Los voluntarios que irán a los hogares son residentes de los mismos vecindarios en donde tocarán las puertas y que hablan el mismo idioma que sus vecinos.
Foto: NYC Mayoral Office

La Ciudad de Nueva York tiene un objetivo muy claro: que ningún neoyorquino quede sin ser contado en el Censo 2020 que se realiza actualmente.

Y para lograr esa meta, este jueves comenzaron a realizarse las visitas domiciliarias de los encuestadores que tocarán puerta en puerta en los hogares de los cinco condados, que todavía no hayan contestado el cuestionario en internet, por correo postal o telefónicamente.

“En la nueva fase que inicia hoy del Censo 2020, vamos a ir puerta por puerta, a esos hogares que no han respondido. Aquí en la ciudad de Nueva York el porcentaje de los ya han contestado el cuestionario es de 54.8 por ciento, lo que significa que aproximadamente el 40 por ciento de los hogares de la ciudad recibirán un Knock-knock en sus puertas”, dijo Amit Bagga, subdirector del NYC Census.

Bagga explicó que este año, a diferencia de hace una década, los voluntarios que irán a los hogares son residentes de los mismos vecindarios en donde tocarán las puertas, y que hablan el mismo idioma que sus vecinos. “Recuerde que el cuestionario son solo 10 preguntas, dura 10 minutos contestarlo y todas las respuestas son estrictamente confidenciales”, insistió.

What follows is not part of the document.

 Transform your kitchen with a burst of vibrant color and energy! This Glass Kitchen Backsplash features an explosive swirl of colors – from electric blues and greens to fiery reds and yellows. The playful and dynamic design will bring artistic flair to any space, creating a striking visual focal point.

El funcionario fue categórico en un punto: “No hay en lo absoluto ninguna pregunta sobre el estatus migratorio, la ciudadanía, récord criminal, salario o información del Seguro Social”.

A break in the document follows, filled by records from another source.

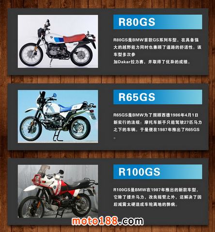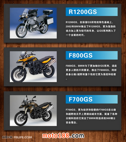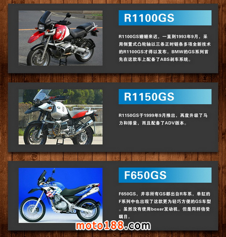 R65GS/R80GS/R100GS/R1100GS/R1150GS/R1200GS/F650GS/F800GS/F700GS,迄今為止,GS系列中九個車型已經在全球銷售近百萬臺。在這個擁有單缸、直列兩缸和boxer發動機的車系中太多的傳奇在延續,太多的故事在講訴。毫不夸張的說:GS在啟發著全地形摩托車這個市場!能見到摩托車的地方就有GS,看不到摩托車的地方仍有GS。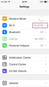 Pour vérifier le réseau SSID d'un iPhone/iPad/iPod touch, tapez sur « Paramètres ». Le réseau SSID s'affiche dans « Wi-Fi ».
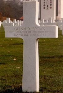 S/Sgt Glenn D. Brown attended college and was a welder before he enlisted at Camp Forrest, Tennessee on 12 November 1942.Flak knocked out #4 engine and caused damage in other places. It crash landed near the road from Halenbeck tot Freienstein. Witnesses on the ground saw it circling several times around Halenbeck with one engine stopped, which was smoking and was probably on fire. After loosing altitude, it finally attempted a belly landing, 300 m north of Halenbeck. During this maneuver, the aircraft touched the trees and the great stoneblocks lying around and overturned several times and was finally torn into pieces. The left wing probably exploded.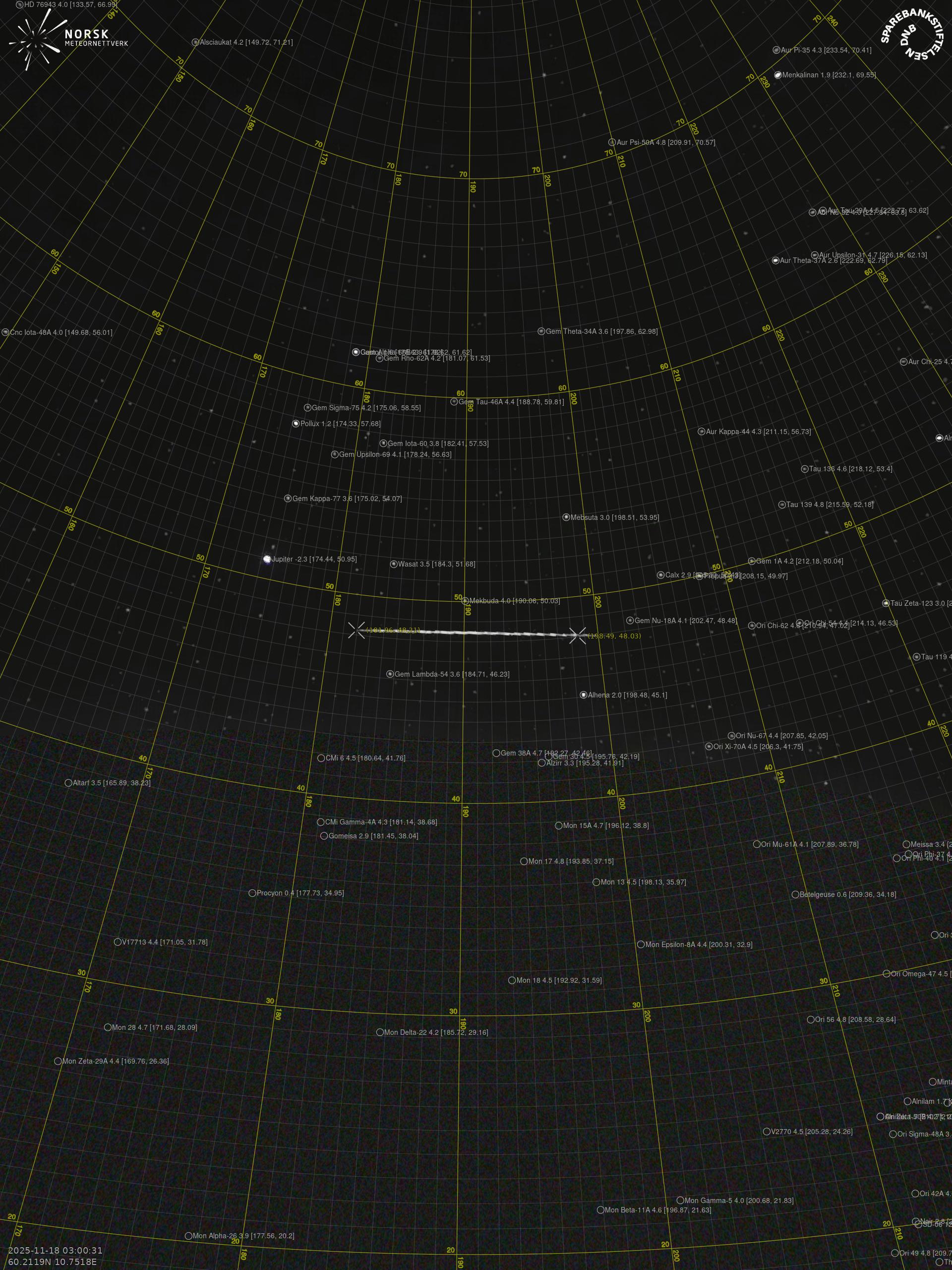 Meteor over Vestby 2025-11-18 03:00:31 UTC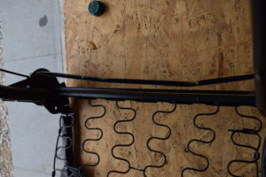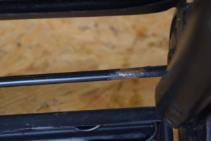 Comme on l’a vu précédemment, certains ressorts de la structure de l’assise se sont cassés avec le temps. Il va falloir les réparer pour rétablir une bonne assise. Mais il y a d’autres éléments de la structure à réparer : une tige à l’arrière du dossier qui permet de tendre la garniture qui a rompu ainsi que la barre horizontale en bas du dossier qui est elle complètement déformée.

Pero el lograr que todos los neoyorquinos sean contados en el Censo no es una tarea fácil. Además del porcentaje de personas que no participa simplemente por apatía, ahora se le suman dos factores que pueden tener un impacto negativo en los inmigrantes: por un lado el miedo que todavía existe entre los indocumentados tras los intentos de la Administración Trump de agregar una pregunta sobre la ciudadanía, lo que ya se descartó, y por el otro lado, el reciente memorándum firmado por el Presidente en el que ordenó al Departamento de Comercio excluir a los ‘sin papeles’ del conteo.

Y si estas tácticas intimidatorias fueran poco, el pasado lunes, el secretario de Comercio Wilbur Ross anunció que el trabajo de campo para recolectar datos terminará un mes antes. Ahora será el 30 de septiembre, en vez del 31 de octubre como estaba previsto originalmente.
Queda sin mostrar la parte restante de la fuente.